The fact that we don’t see developments in this direction yet shows, for me, that it’s easier said than done, and we’re really far from that.

CanadaPlus@lemmy.sdf.org · 9 months ago

To be clear, I wasn’t talking about an actual picture generating model. It was raw GPT trained on just text, asked to write instructions for a paint program to output a unicorn. That’s more convincing because it’s multiple steps away from the basic task it was trained on. Here, I found the paper, it starts with unicorns and then starts exploring other images, and eventually they delve into way more detail than I actually read. There’s a video talk that goes with it.

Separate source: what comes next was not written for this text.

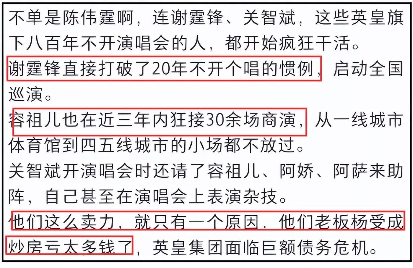 从这些发言就能看出来,陈伟霆对老板很感激。此外还有网友爆料,陈伟霆“一把年纪”之所以还频频来内地演偶像剧,就是为了拼命打工还债。且不仅仅是他,就连谢霆锋卖命开巡回演唱,容祖儿、阿娇、关智斌等人疯狂工作,全都是为了解决英皇的债务危机。
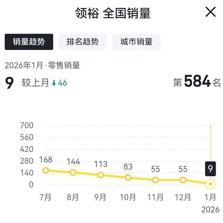 而江铃福特领裕在今年1月份的销量仅为9辆,相比2025年12月份的销量55辆,环比下滑83.63%。

The trick with trying to “make” an AI do semantics, is that we don’t know what semantics is, exactly. I mean, that’s kind of what we started out with (remember the old pattern-matching chatbots?) but simpler approaches often worked better. Even the Transformer block itself is barely more complicated than a plain feed-forward network. I don’t think that’s so much because neural nets are more efficient (they really aren’t) but because we were looking for an answer to a question we didn’t have.

I think the challenge going forwards is freeing all that know-how from the black box we’ve put it in, somehow. Assuming we do want to mess with something so dangerous if handled carelessly.